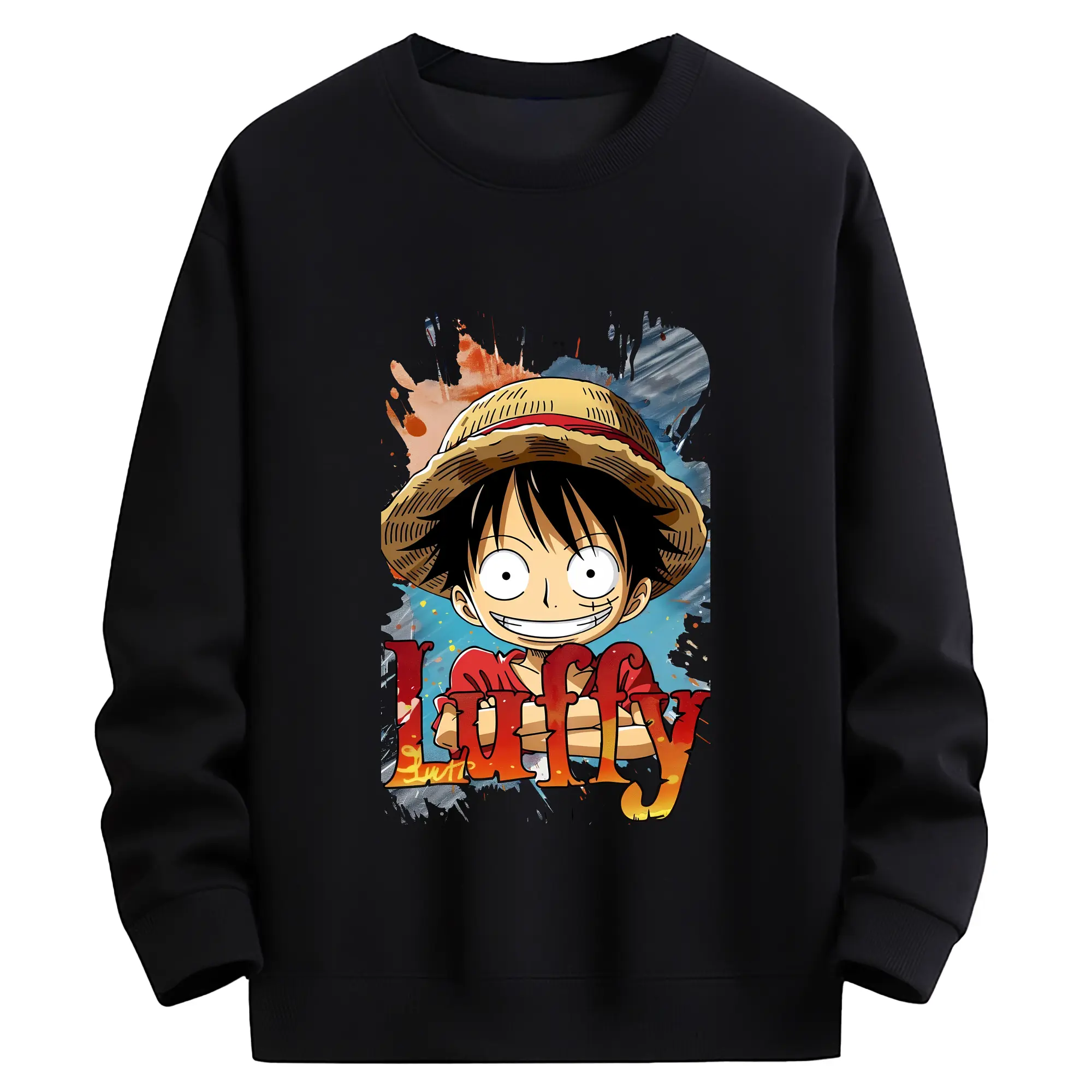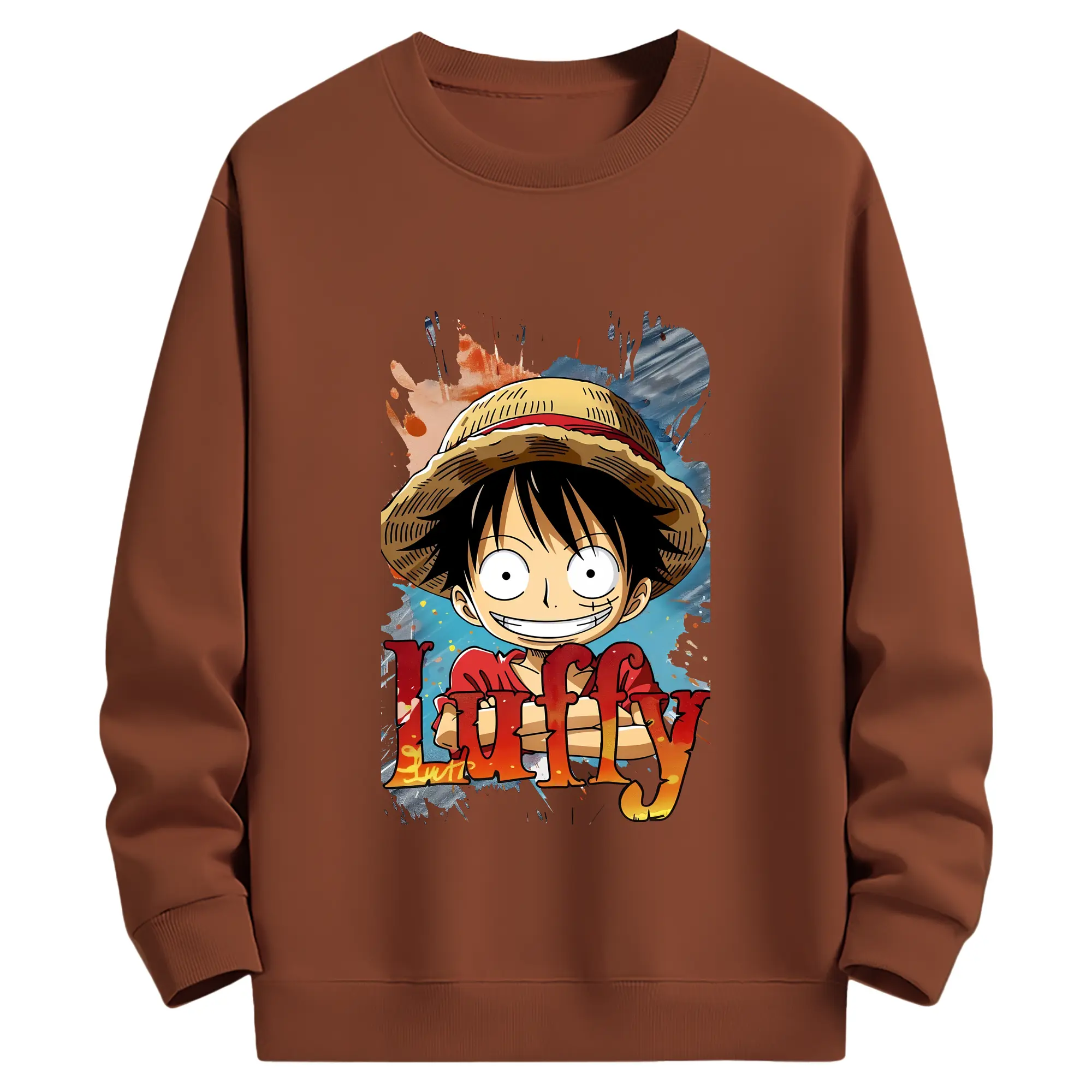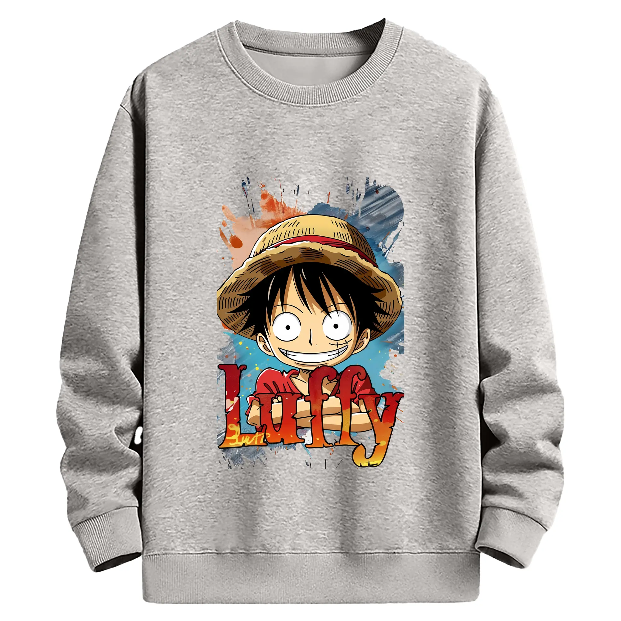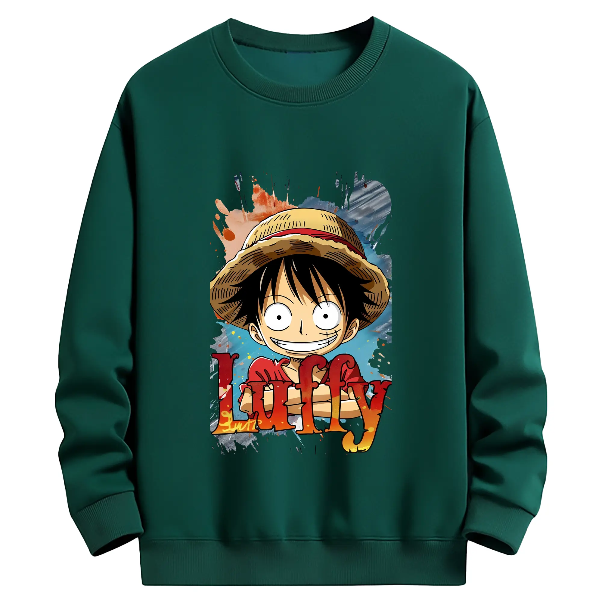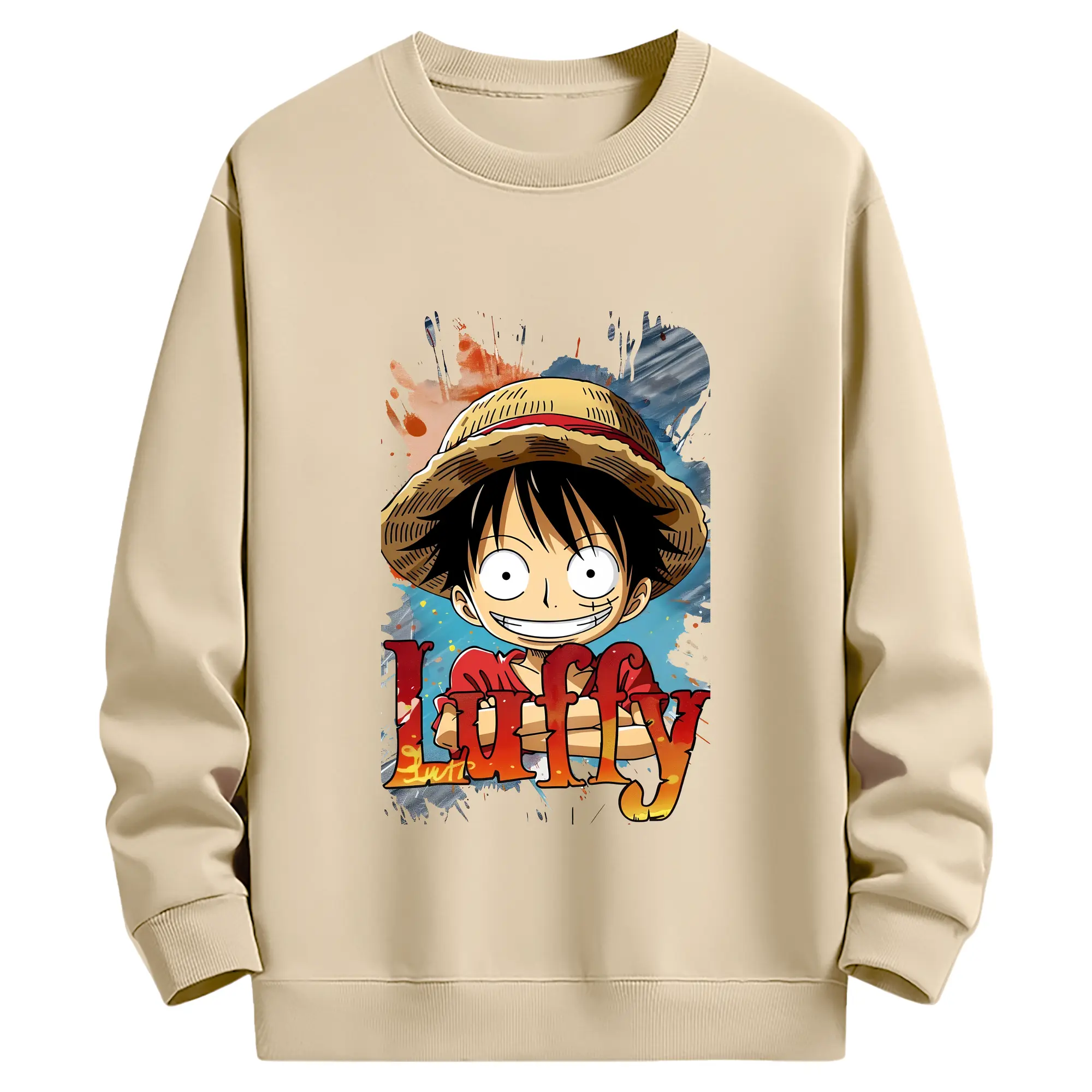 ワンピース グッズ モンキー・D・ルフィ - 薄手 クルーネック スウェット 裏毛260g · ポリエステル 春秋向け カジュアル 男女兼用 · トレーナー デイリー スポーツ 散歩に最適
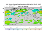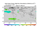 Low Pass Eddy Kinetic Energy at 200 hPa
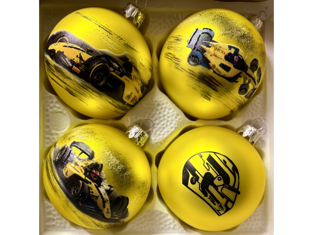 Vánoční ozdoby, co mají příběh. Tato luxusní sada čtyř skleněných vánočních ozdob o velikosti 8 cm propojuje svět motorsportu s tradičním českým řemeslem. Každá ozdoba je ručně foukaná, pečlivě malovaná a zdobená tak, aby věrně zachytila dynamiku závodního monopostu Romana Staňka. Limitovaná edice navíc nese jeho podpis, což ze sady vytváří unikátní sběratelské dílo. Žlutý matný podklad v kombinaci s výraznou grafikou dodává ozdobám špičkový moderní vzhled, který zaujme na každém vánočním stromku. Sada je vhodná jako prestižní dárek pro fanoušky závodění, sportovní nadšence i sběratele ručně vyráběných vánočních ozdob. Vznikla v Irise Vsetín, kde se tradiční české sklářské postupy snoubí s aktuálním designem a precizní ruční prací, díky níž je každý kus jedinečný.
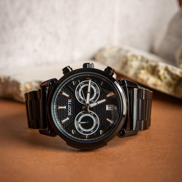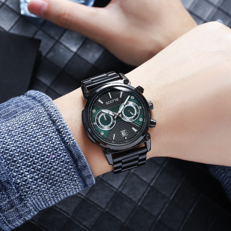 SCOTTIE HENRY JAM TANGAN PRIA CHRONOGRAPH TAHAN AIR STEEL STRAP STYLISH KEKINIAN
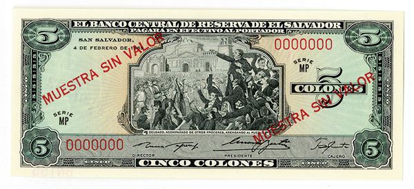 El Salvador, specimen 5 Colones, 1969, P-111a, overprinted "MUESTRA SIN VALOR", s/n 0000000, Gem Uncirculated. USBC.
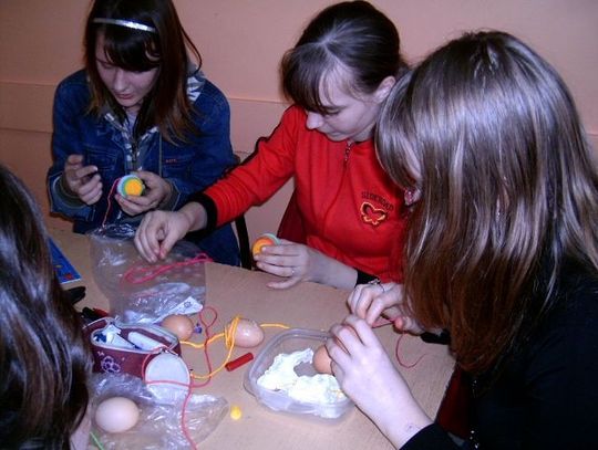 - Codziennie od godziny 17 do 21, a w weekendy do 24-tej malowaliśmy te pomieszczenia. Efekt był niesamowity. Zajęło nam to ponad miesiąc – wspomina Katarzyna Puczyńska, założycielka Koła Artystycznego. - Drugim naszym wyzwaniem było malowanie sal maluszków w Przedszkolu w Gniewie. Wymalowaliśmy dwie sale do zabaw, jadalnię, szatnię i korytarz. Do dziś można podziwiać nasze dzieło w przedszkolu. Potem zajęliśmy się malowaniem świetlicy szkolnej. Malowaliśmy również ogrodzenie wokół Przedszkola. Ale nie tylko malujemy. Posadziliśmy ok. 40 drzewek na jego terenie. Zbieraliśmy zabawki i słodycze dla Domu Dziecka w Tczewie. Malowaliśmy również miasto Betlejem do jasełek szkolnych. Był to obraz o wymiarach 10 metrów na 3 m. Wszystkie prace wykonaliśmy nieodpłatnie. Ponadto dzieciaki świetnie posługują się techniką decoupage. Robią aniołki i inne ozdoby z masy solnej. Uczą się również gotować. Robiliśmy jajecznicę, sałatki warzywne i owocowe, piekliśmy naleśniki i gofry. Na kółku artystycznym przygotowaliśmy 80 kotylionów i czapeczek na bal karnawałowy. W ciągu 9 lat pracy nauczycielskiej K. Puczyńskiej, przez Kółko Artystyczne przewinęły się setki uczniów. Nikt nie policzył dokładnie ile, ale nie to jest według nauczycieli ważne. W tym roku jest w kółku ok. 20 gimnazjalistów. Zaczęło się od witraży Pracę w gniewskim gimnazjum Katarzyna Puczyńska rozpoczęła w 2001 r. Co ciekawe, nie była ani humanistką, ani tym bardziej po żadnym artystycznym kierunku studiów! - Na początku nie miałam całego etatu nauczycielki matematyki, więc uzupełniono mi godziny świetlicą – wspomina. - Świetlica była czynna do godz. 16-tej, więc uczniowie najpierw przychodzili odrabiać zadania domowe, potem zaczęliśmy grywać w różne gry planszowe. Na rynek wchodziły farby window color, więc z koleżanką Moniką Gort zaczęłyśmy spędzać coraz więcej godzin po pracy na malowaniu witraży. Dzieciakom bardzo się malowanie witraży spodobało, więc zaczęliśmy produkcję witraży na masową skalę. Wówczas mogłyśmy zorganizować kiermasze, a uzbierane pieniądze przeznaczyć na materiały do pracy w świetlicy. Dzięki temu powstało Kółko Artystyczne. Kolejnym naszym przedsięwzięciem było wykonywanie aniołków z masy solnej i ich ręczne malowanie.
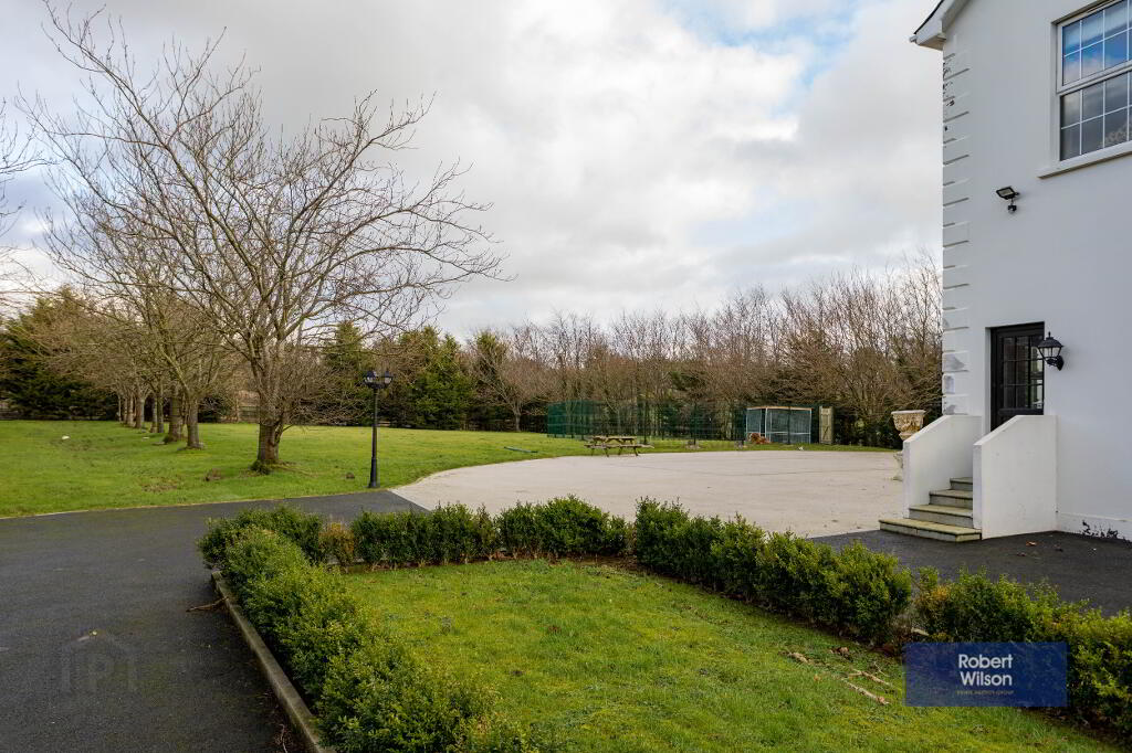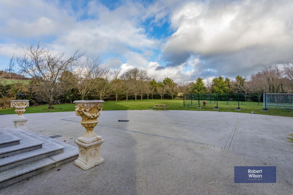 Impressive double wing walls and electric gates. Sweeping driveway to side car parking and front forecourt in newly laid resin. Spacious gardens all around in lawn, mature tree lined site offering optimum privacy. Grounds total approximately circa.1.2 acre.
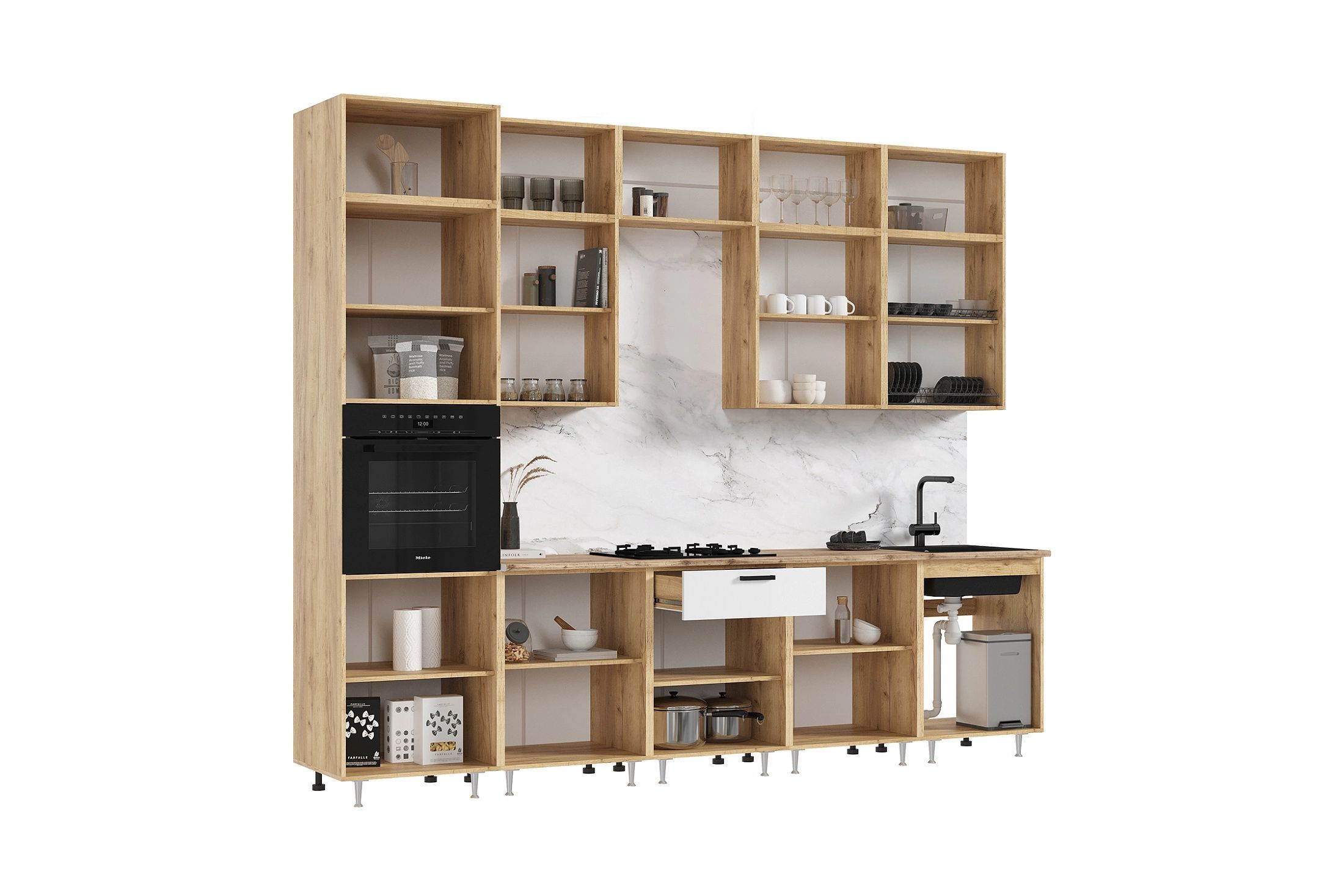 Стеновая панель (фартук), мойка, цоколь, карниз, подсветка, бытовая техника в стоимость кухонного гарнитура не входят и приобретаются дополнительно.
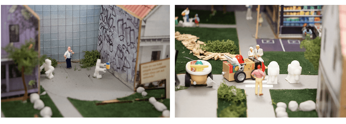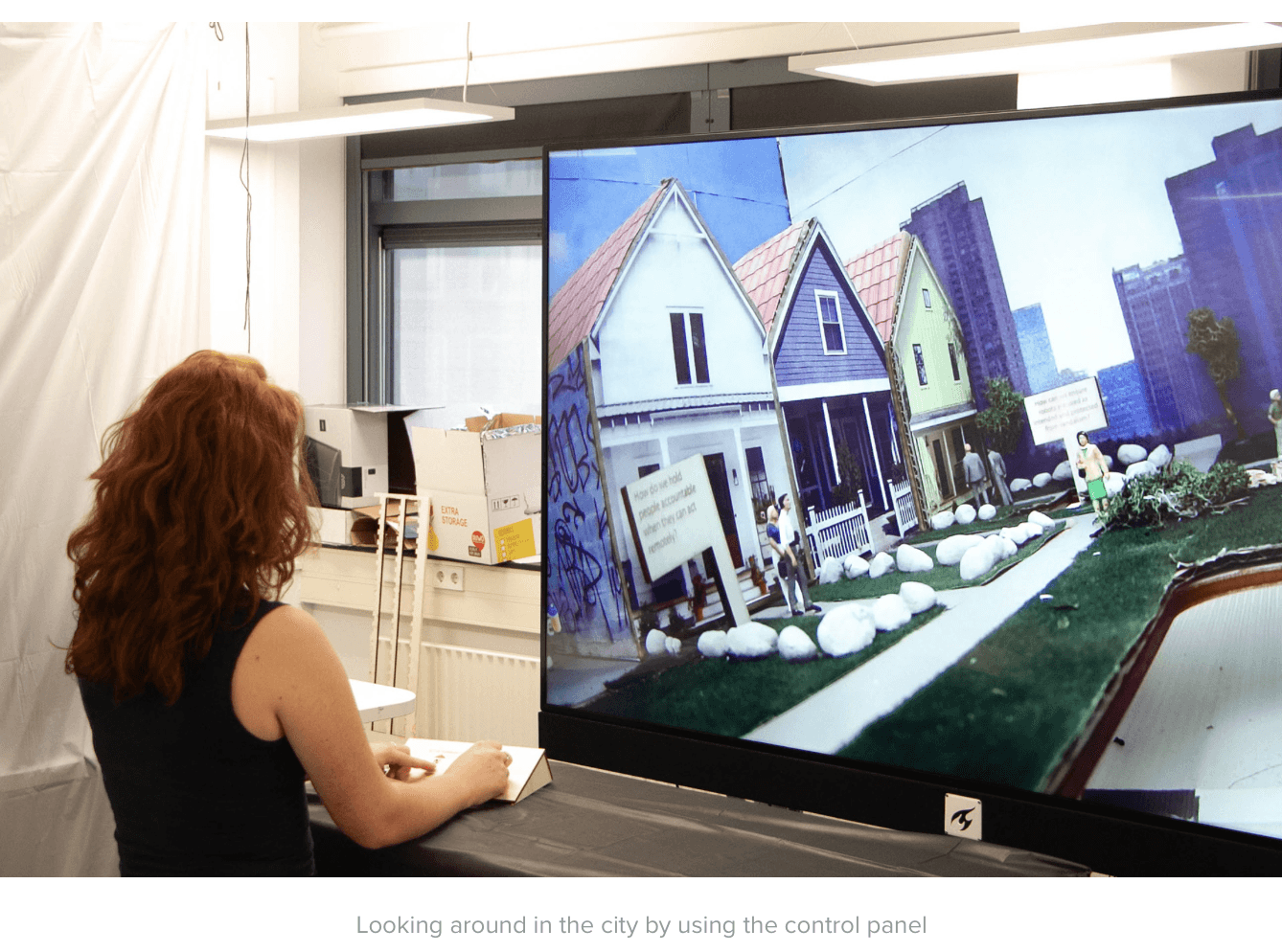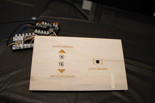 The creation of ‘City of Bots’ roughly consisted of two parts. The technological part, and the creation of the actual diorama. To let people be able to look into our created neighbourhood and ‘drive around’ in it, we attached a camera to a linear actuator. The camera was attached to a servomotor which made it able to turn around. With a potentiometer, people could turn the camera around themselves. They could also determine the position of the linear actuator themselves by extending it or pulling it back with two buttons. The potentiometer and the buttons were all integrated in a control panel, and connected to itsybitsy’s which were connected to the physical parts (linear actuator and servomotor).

_YOUR TASK_:
What is needed is an exact repetition of every line from the line with "и приобретаются дополнительно." to the end of the data above, both ends included, with no pictures.

_TASK SOLUTION_:
 Стеновая панель (фартук), мойка, цоколь, карниз, подсветка, бытовая техника в стоимость кухонного гарнитура не входят и приобретаются дополнительно.
 The creation of ‘City of Bots’ roughly consisted of two parts. The technological part, and the creation of the actual diorama. To let people be able to look into our created neighbourhood and ‘drive around’ in it, we attached a camera to a linear actuator. The camera was attached to a servomotor which made it able to turn around. With a potentiometer, people could turn the camera around themselves. They could also determine the position of the linear actuator themselves by extending it or pulling it back with two buttons. The potentiometer and the buttons were all integrated in a control panel, and connected to itsybitsy’s which were connected to the physical parts (linear actuator and servomotor).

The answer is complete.